Para a avó da pequena, Maria de Lourdes do Carmo Souza, de 49 anos, a neta é “a esperança” que renasce. “Meu sonho é que a gente reconstrua Bento e que todo mundo volte a viver perto um do outro”.

Esse também é o desejo de Elisângela Aparecida Messias, de 35 anos. À espera de Heitor, ela teme que o filho passe os primeiros dias em um quarto do Hotel Providência, onde está hospedada com o marido desde a destruição da casa em Bento Rodrigues. “Tinha tudo lá. O quarto do bebê estava pronto”. A expectativa da mulher é a de se mudar para uma casa alugada perto da mãe, que era vizinha dela no distrito.

Distância

Há uma semana em um imóvel alugado no bairro Morada do Sol, o casal Solimaria Madeira dos Santos de 17 anos, e Geziel Júnior Mariano da Silva, de 20, lamentam não poder criar o filho João Lucas, de nove meses, perto dos avôs.

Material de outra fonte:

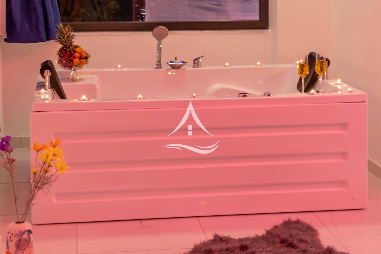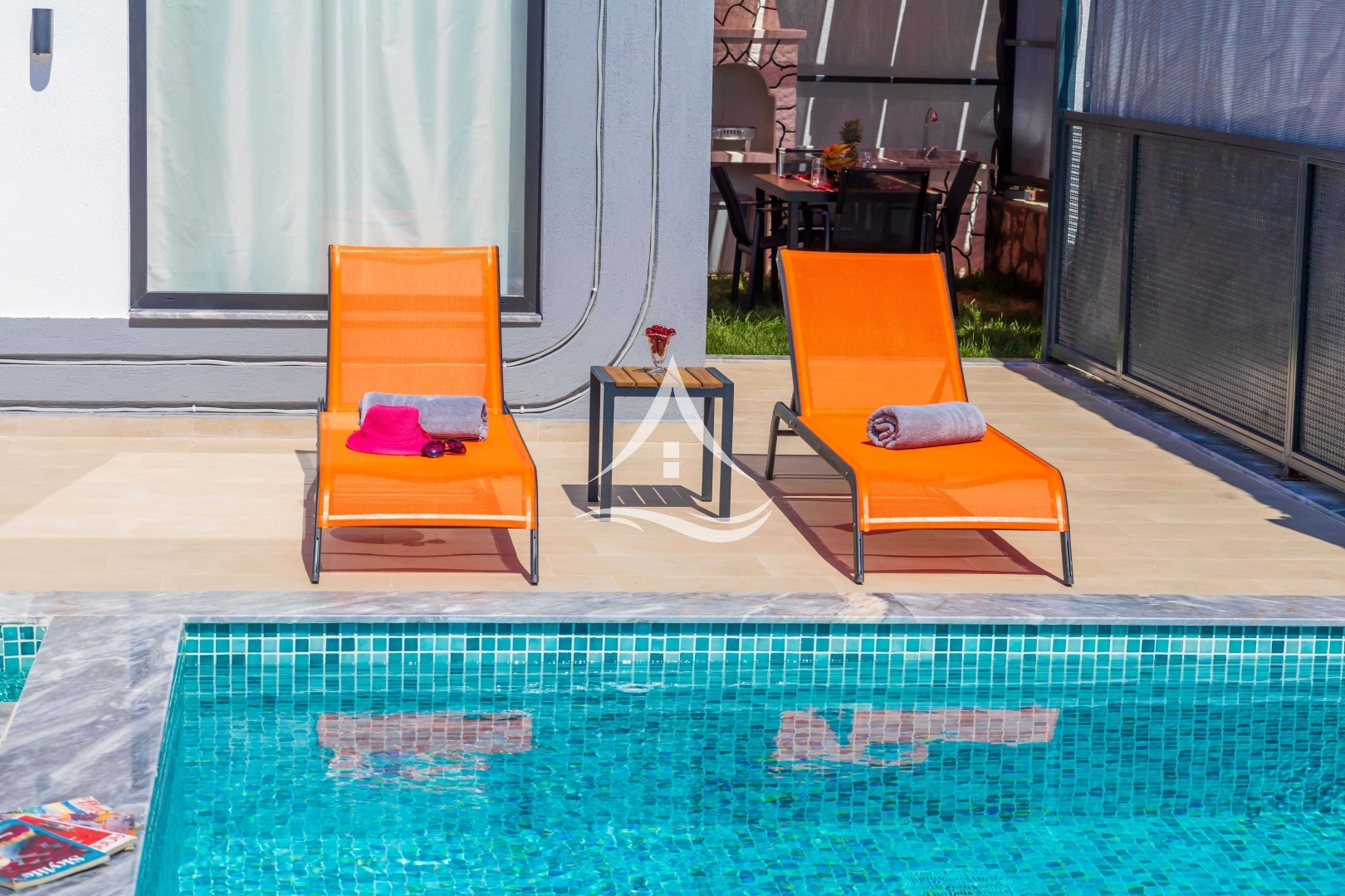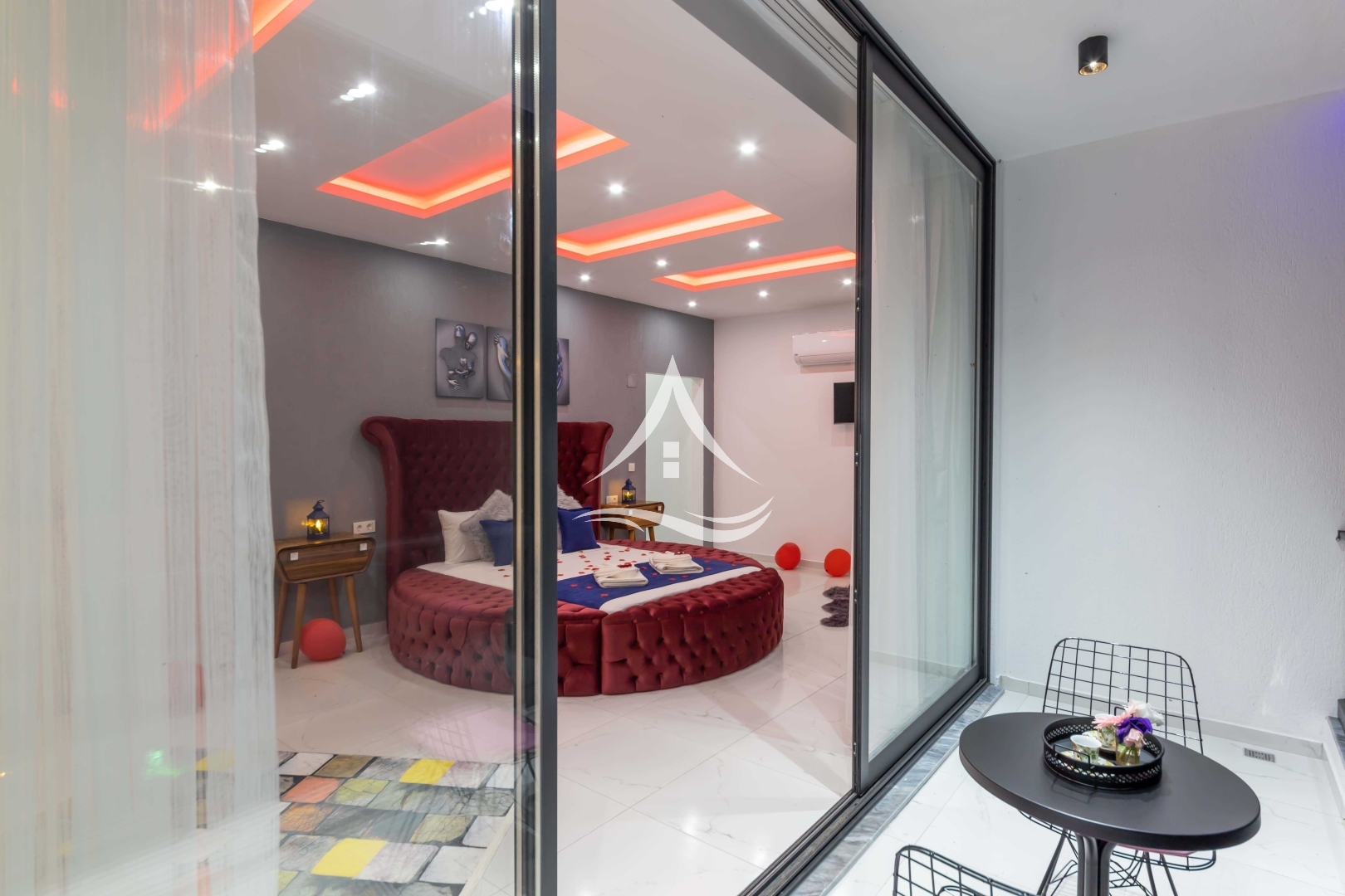 Villa Sister Kalkan / Üzümlü mevkiisinde yer almaktadır. Tek yatak odalı 2 kişilik konaklama kapasitesine sahiptir. Suit yatak odasında jakuzi bulunmaktadır.

A nova casa no distrito estava perto de ser finalizada, mas foi destruída pela lama. Os avós estão em um hotel, mas antes todos moravam juntos. “Sinto falta de todo mundo. Estávamos morando na casa do meu pai, perto da minha avó. Éramos muito unidos”, disse Geziel, que trabalhava em uma empresa terceirizada da Samarco.

ALÉM DISSO

Enquanto alguns moradores de Bento Rodrigues voltavam às casas para resgatar documentos e pertences, o garimpeiro João Leôncio Martins, de 63 anos, procurava o amigo Fred, um dos quatro cães de estimação dele. Assobiando entre os destroços, ele acredita que o fiel escudeiro corra para o tão esperado reencontro. “Ele é companheiro. É a mesma coisa de uma pessoa. Gosto muito dele”. Na tentativa de encontrar o cão, João já foi quatro vezes ao distrito procurá-lo.

O garimpeiro relembra que todo dia de manhã saía com os quatro cachorros para procurar tesouros escondidos no rio Gualaxo. Na hora em que a lama invadiu a comunidade, ele viu a cachorra Leite voltando para casa e, por isso, acredita que tenha perdido outra amiga para a tragédia. Outros dois cães, o Malhado e o Teimoso, estão na casa da filha em Santa Rita, mas já fugiram diversas vezes para Bento Rodrigues na esperança de rever o lar. O garimpeiro espera sair do quarto de hotel onde está hospedado para uma casa com quintal, onde possa viver com a família e os animais de estimação.